Foreman moved to The New York Times as a copy editor in July 1962, but he returned to Arkansas in December after the beginning of a printers’ strike that would close The Times and other New York dailies for four months. By this time Foreman had decided to focus his career on newsroom management, and he accepted a job as managing editor of the Pine Bluff Commercial and leader of its 20-member staff. After five years in Pine Bluff, he moved back to Little Rock in 1968 to become managing editor of the afternoon Arkansas Democrat with a staff of 60.

In 1971, Foreman was hired as executive news editor of Newsday on Long Island, overseeing final editing and production of the daily editions. After a little over a year in that job, he accepted an offer from Gene Roberts, the new executive editor of The Philadelphia Inquirer, to be Roberts’s second in command. Their partnership reversed the fortunes of what had been one of the country’s worst metropolitan dailies. Roberts focused on competitive strategy and news coverage, devoting particular attention to what became the paper’s signature enterprise reporting. Drawing on his experience in revamping two Arkansas dailies, Foreman built the Inquirer’s editing infrastructure,
oversaw quality control, and directed day-to-day operations.

After Roberts retired from The Inquirer in 1990, Foreman continued to manage the newsroom for the next eight years. During this period Inquirer staff members won an additional Pulitzer Prize, making a total of 18 in Foreman’s 25-year tenure.

When Foreman retired in 1998, he joined the journalism faculty at Penn State University as a distinguished professional in residence. The following year he was appointed the inaugural Larry and Ellen Foster Professor. He established the Foster Conference of Distinguished Writers, bringing dozens of top reporters to the campus to share their experiences with students. He retired from full-time teaching in 2006 but for the next 11 years continued to manage the writers’ conference, which was renamed the Foster-Foreman Conference at the Fosters’ request.

Foreman was president of the Associated Press Managing Editors (renamed the Associated Press Media Editors) in 1990. He was a board member of the American Society of Newspaper Editors (renamed the News Leaders Association) from 1995 to 1998.

Foreman received the Benjamin Franklin Award for Excellence from the Pennsylvania News Media Association in 2017 and the Larry Foster Award for Integrity in Public Communication from the Page Center at Penn State in 2022. A scholarship fund in Foreman’s name has been established at Penn State’s Bellisario College of Communications.

==Books as co-author or co-editor==
After his retirement as a professor, Foreman created a textbook on professional ethics that drew on his experience in developing a pioneering ethics code at The Inquirer in the 1970s and in teaching the ethics course 16 semesters at Penn State.
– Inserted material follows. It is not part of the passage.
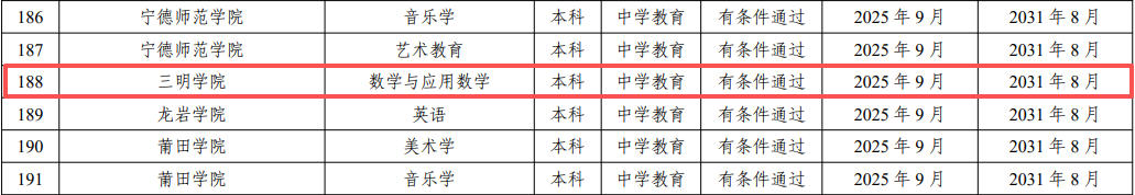 近日,教育部发布了《教育部办公厅关于公布2025年通过普通高等学校师范类专业认证专业名单及中期审核专业名单的通知》(教师厅函〔2025〕18号),我校数学与应用数学专业通过师范类专业第二级认证,认证结论有效期六年,自2025年9月起至2031年8月止。同时,体育教育、小学教育、汉语言文学3个专业通过中期审核,继续保持原认证有效期至2028年6月。截至目前,我校现有的11个师范专业中,已有8个专业通过了师范类专业第二级认证(其中3个专业通过中期审核)。此外,物理学、化学、思想政治教育3个师范类专业的认证自评自建工作正有序推进。

The Ethical Journalist was published by John Wiley & Sons in 2010. In a review in Journalism & Mass Communication Quarterly, Professor Ivor Shapiro wrote: “The book’s tone is thoughtful but forthright, its style clear but engaging, its stance fair but unabashed. It’s obviously written by a practiced craftsman who is passionate about his work, and curious about its dilemmas.” Subsequent editions came out in 2015 and 2022. The 2022 edition was coauthored by three former Inquirer colleagues: Daniel R. Biddle, Emilie Lounsberry, and Richard G. Jones.

Foreman also wrote Roots and Wings: My Memories of a Childhood That Led to a Career in News, a memoir of his growing-up years in Ohio and Arkansas, as a private project for family and close friends.